[WikiEN-l] Appeal for community support

Steve Summit scs at eskimo.com
Tue Feb 28 15:20:59 UTC 2006


VeryVerily wrote:
> if this were a Nazi denying the Holocaust I had fought, I'd be
> being feted as a hero on the mailing list right now, and everyone
> would look the other way if any "rules" were broken.

Hmm.  Does Godwin's Law apply now? :-)

I'm going to make some observations.  VeryVerily, please
understand it is *not* *you* I am talking about here.
(I've never interacted with you; I haven't looked at your
edit history; I don't know what kind of editor you are.)

There are some editors who are: (1) extremely knowledgeable about
a significant subject area, (2) passionate about that subject
and about improving the Encyclopedia, but (3) in the end, sadly,
unable to participate in the project.  Their participation is
impossible because they are simply incapable of working within
the structure which Wikipedia has set up, where partisans on
opposite sides of a contentious issue (partisans who, in real
life, might well want to be killing each other), work together
cooperatively to craft an NPOV article.  You need more than just
knowledge and passion to conduct that mission: you also need
things like diplomacy and humility and patience, and not everyone
possesses all of those skills.

It takes two to make an edit war.  If you are engaged in an edit
war, no matter how Right your cause is, no matter how True your
facts are, no matter how Wrong your opponents are, you are
partially at fault.

Wikipedia *can* *not* afford too many edit wars.  They are
ridiculously expensive and destructive and timeconsuming.
They take up everybody's time (especially the beleaguered
arbitrators), they discourage other editors from participating,
they leave the contested articles unreadable for long periods of
time.  Even after the cases are arbitrated, the toll continues,
because the aggrieved parties can never accept the results, and
continue to appeal their cases by posting long, overwrought
messages to Jimbo's talk page and the like.

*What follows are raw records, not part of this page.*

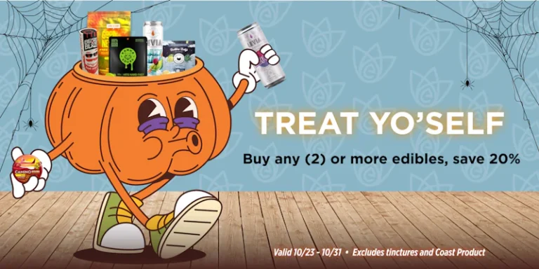 Grab your treats for spooktober! Buy any 2 Coast Cannabis edibles and save $10! Buy any 3 Coast Cannabis edibles and save $20 *pricing reflected at the registers*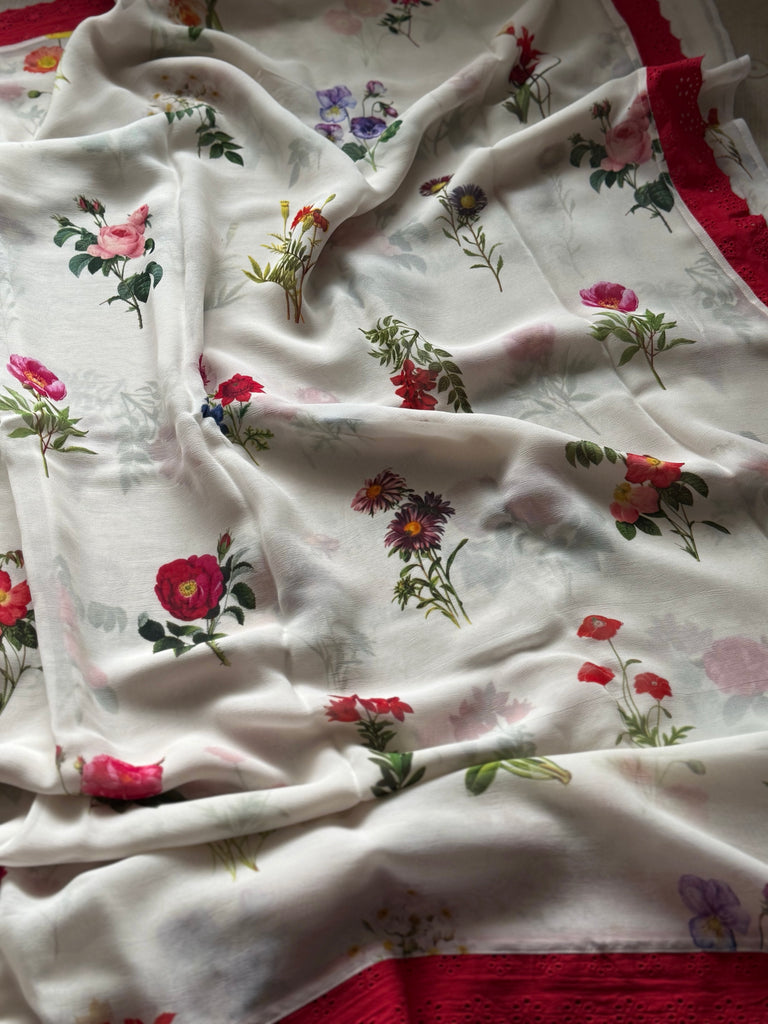 Embrace timeless elegance with this exquisite White Floral Georgette Saree, beautifully adorned with delicate multicolour floral prints that exude a soft, feminine charm. The lightweight georgette fabric drapes gracefully, making it perfect for both daytime elegance and evening sophistication.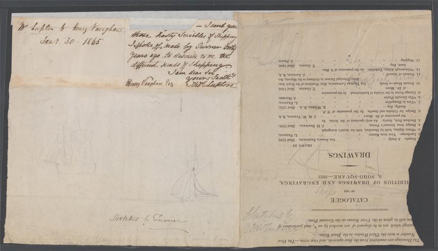 Keywords: Joseph Mallord William Turner - Sketch of Two Ships on a Catalogue Page - Google Art Project.jpg ~ 1823 London 1775 Chelsea 1851 Joseph male 2322909 Mallord William Turner British 1775 - 1851 /collection/yale-center-for-british-art/artwork/sketch-of-two-ships-on-a-catalogue-page-joseph-mallord-william-turner/2299728/ Joseph Mallord William Turner Artist /artist/j-m-w-joseph-mallord-william-turner/4127042/ 4127042 /collection/yale-center-for-british-art/ Yale Center for British Art 2305845 http //britishart yale edu/ 2/23/2012 10 27 39 PM /collection/yale-center-for-british-art/artwork/sketch-of-two-ships-on-a-catalogue-page-joseph-mallord-william-turner/2299728/ 1818 ca 1823 shipping ships sketch marine art catalogues Graphite on medium slightly textured cream wove paper adhered to medium slightly textured cream laid paper 225 2299728 False 1828 3/24/2012 11 07 37 AM YCBA/lido-TMS-5467 http //collections britishart yale edu/vufind/Record/1669732 Yale Center for British Art Paul Mellon Collection drawing 1810 1830 Chelsea Creation w422 x h225 cm ca 1823 False 1 74744027303754 Item sketch-of-two-ships-on-a-catalogue-page-joseph-mallord-william-turner Sketch of Two Ships on a Catalogue Page s 422 Inscribed in pen and brown ink upper left Mr Lupton to Henry Vaughan Janr 30 - 1865 - I send you these hasty scribbles of shipping I spoke of made by Turner forty years ago to describe to me the different kinds of shipping I am dear Sir yours Faith y Thos Lupton Henry Vaughan Esqr ; inscribed in graphite upper right are Turner ; in graphite lower center W B Cooke or G Cooke ; in graphite lower right Ship ; in pen and brown ink lower center Sketches by Turner ; in graphite lower left < > < > < > < > ; in graphite lower right Sketches by JMW Turner Esqr ; inscribed in graphite verso upper left Take care of this Inscription _Signed_and_Dated Not signed not dated Not on View Graphite on medium slightly textured cream wove paper adhered to medium slightly textured cream laid paper shipping ships sketch marine art catalogues special url_id oQFcsZm_s7CCEw PD-old-100-1923 1851 Google Art Project works by Joseph Mallord William Turner Drawings by Joseph Mallord William Turner |

For example, there's an article [[Palestinian exodus]] describing
the flight of Palestinians from what is now Israel after the 1948
war.  It appears to have been edited primarily by people
sympathetic to the Palestinian side of that conflict, and reads
(to me, at least) with a pretty significant POV bias.  There's an
editor by the name of Zeq who has been trying to fix it, which
ought to be a laudable cause, because it (probably) does need
fixing.  But he hasn't been able to do it dispassionately, and
he ended up getting banned from editing that article.

On several counts, I believe he is in the right.  The article
is biased, and his opponents have worked to keep it that way.
But the difference is that his opponents appear to have done
better at playing by Wikipedia's rules than he has, which is
why he has been banned and they haven't, and their view (for
now) prevails.  This is very sad, very wrong, and not how the
Encyclopedia is supposed to work.  But until an editor comes
along who is knowledgeable and passionate about the Israeli
side of that conflict, *and* who is able to edit a contentious
Wikipedia article dispassionately and diplomatically, the
lopsidedness is likely to remain.

And of course that's hardly the only example; this pattern recurs
all the time.  There's ample documentation of the problem;
there's ample help available in the form of lists of suggestions
for editors who want to learn how to work more effectively within
Wikipedia's environment; I'm certainly not the first to be
pointing any of this out.  But, of course, one of the traits
of the problematic editors is that they don't have enough
self-reflection to realize that they're the ones those lists of
suggestions are aimed at, and they don't have the disposition
necessary to actually adopt and apply the suggestions.

It's all too easy for outside observers to recognize when one of
these disputative situations has cropped up, which is one reason
that the aggrieved parties often feel they're being discriminated
or conspired against.  The same hallmarks ought to make it easy
for the participants to recognize themselves as well -- if only
they could.  I was going to describe some of the hallmarks here,
but they'd break the flow of an already too-long message, and
VeryVerily would think I was talking about him, so I'll list them
somewhere else.

The bottom line, however, is that *it is possible to edit a
Wikipedia article on even a highly contentious subject without
having all these horrible problems*.  If you are having these
problems, *you are doing something wrong*.  You can't blame it on
your opponents or on "the system"; *you are part of the problem*.
You are going to have to change your attitude and the way you
work on Wikipedia.

It's too bad when a passionate and knowledgeable but disputative
editor can't be perfectly accommodated.  But the process of trying
to accommodate disputative editors does not scale -- Arbcon is
under increasing amounts of pressure as more and more aggrieved
editors demand their right to be heard, and it's only going to
get worse as the numbers of editors increase.